To ensure appropriateness of the between-study comparison, the current study was limited to items common to both the UCLA-PCI and the EPIC-26. We included four items in the urinary incontinence domain and three items in the sexual function domain. We derived modified domain summary scores based on the common between-study items, scaled 0–100 with 100 representing optimal function.
2.3. Statistical analysis
We compared baseline characteristics using appropriate parametric and nonparametric statistical tests. Multivariable models were fit to determine the main independent effect of the study (ie, PCOS vs CEASAR) on baseline function, both at the individual item and summary score levels. We performed multivariable logistic regression analysis with individual item response as the dependent variable and multiple a priori identified covariates as independent variables. We also performed multivariable linear regression analysis with domain summary score as the dependent variable and included the same a priori identified covariates as independent variables in the linear regression models. Principal analyses were performed on the complete study sample. A sensitivity analysis was performed on the subgroup of CEASAR participants who had initiated treatment at the time of baseline survey completion. Finally, sensitivity analysis was performed using a cohort restricted to common SEER registries between the two studies (Atlanta, Los Angeles, Utah).
All p values were two sided, and p values <0.05 were considered statistically significant. R software v.2.13.0 (R Foundation, Vienna, Austria) and Stata v.12.1 (StataCorp, College Station, TX, USA) were used for all statistical analyses.
3. Results
The final study cohort comprised 5469 men, of whom 2334 (43%) were enrolled in PCOS and 3135 (57%) were enrolled in CEASAR. The mean age of CEASAR participants was 63.2 yr versus 64.1 yr in PCOS; the median age of participants in both study groups was 65 yr. We identified multiple between-study differences in sociodemographic factors.

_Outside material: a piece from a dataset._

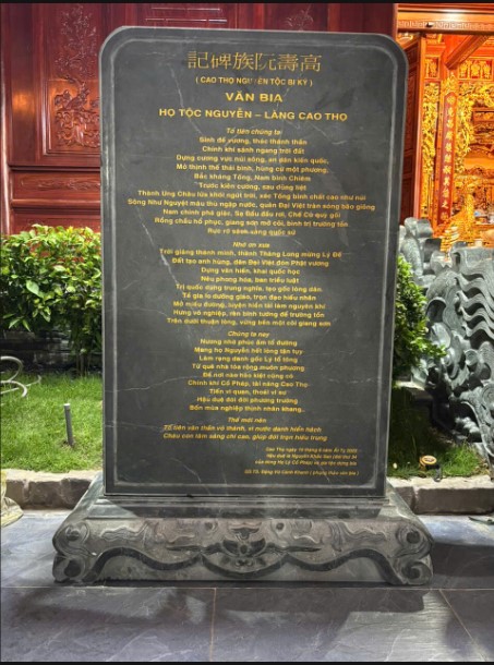 記碑族阮壽高 (CAO THỌ NGUYỄN TỘC BI KÝ) VĂN BIA HỌ TỘC NGUYỄN (GỐC LÝ)– LÀNG CAO THỌ Tổ tiên chúng ta Sinh đế vương, thác thánh thần Chính khí sánh ngang trời đất Dựng cương vực núi sông, an dân kiến quốc, Mở thịnh thế thái bình, hùng cứ một phương.[1] Bắc kháng Tống, Nam bình Chiêm Trước kiên cường, sau dũng liệt Thành Ung Châu lửa khói ngút trời, xác Tống binh chất cao như núi Sông Như Nguyệt máu thù ngập nước, quân Đại Việt tràn sóng bão giông[2] Nam chinh phá giặc, Sạ Đẩu đầu rơi, Chế Củ quỳ gối[3] Rồng chầu hổ phục, giang sơn mở cõi, bình trị trường tồn[4] Rạng danh sách vàng quốc sử Nhớ ơn xưa Trời giáng thánh minh, thành Thăng Long mừng Lý Đế Đất tạo anh hùng, dân Đại Việt đón Phật vương[5] Dựng văn hiến, khai quốc học Nêu phong hóa, ban triều luật[6] Trị quốc dùng trung nghĩa, tạo gốc lòng dân. Tề gia lo dưỡng giáo, trọn đạo hiếu nhân Mở miếu đường, luyện hiền tài làm nguyên khí Hưng võ nghiệp, rèn binh tướng để trường tồn Trên dưới thuận lòng, vững bền một cõi giang sơn Chúng ta nay Nương nhờ phúc ấm tổ đường Mang họ Nguyễn hết lòng tận tụy Vẫn không quên gốc Lý tổ tông Từ quê nhà tỏa rộng muôn phương Để nơi nào hào kiệt cũng có Chính khí Cổ Pháp, tài năng Cao Thọ Tiến vi quan, thoái vi sư Hậu duệ đời đời phương trưởng Bốn mùa nghiệp thịnh nhân khang… Thế mới nên Tổ tiên văn thần võ thánh, vì nước danh hiển hách Cháu con tâm sáng chí cao, giúp đời trọn hiếu trung Cao Thọ ngày lành tháng năm Ất Tỵ 2025 Hậu duệ là Nguyễn Khắc Bẩy (đời thứ 34 dòng Họ Lý Cổ Pháp) và gia tộc dựng bia GS.TS. Đặng Cảnh Khanh (phụng thảo văn bia)

Complete data are presented in Table 1.
Table 1.
Variable | CEASAR | PCOS | p value |
---|---|---|---|
Age, yr | |||
Mean | 63.2 | 64.1 | <0.001 |
Median | 65 (58–69) | 65 (59–70) | |
Race, % (n) | |||
White | 63 (1974) | 69 (1601) | <0.001 |
Black | 13 (403) | 17 (401) | |
Hispanic | 6 (203) | 14 (332) | |
Other | 18 (555) | 0 (0) | |
Inflation-adjusted income, % (n) | |||
<$30 000 | 22 (551) | 24 (522) | <0.001 |
$30 000–100 000 | 50 (1276) | 58 (1226) | |
>$100 000 | 28 (706) | 18 (384) | |
Education, % (n) | |||
Less than grade school | 5 (133) | 9 (199) | <0.001 |
Less than high school | 5 (137) | 11 (249) | |
High school graduate | 21 (573) | 21 (476) | |
Some college | 22 (604) | 25 (567) | |
College graduate | 23 (616) | 15 (337) | |
Advanced degree | 23 (631) | 21 (476) | |
Employment, % (n) | |||
Works full time | 40 (1069) | 29 (682) | <0.001 |
Works part time | 8 (209) | 9 (221) | |
Retired | 47 (1272) | 56 (1315) | |
Other | 5 (135) | 5 (116) | |
Marital status, % (n) | 0.016 | ||
Married | 79 (2116) | 82 (1892) | |
Not married | 21 (575) | 18 (419) | |
Insurance status, % (n) | |||
Private or HMO | 51 (1361) | 51 (1197) | <0.001 |
Medicare | 38 (1026) | 39 (904) | |
VA or military | 0 (7) | 0 (0) | |
Medicaid | 5 (139) | 2 (36) | |
Other | 4 (105) | 8 (184) | |
No insurance | 1 (40) | 1 (13) |
CAESAR = Comparative Effectiveness Analysis of Surgery and Radiation; HMO = health maintenance organization; PCOS = Prostate Cancer Outcomes Study; VA = US Department of Veterans Affairs.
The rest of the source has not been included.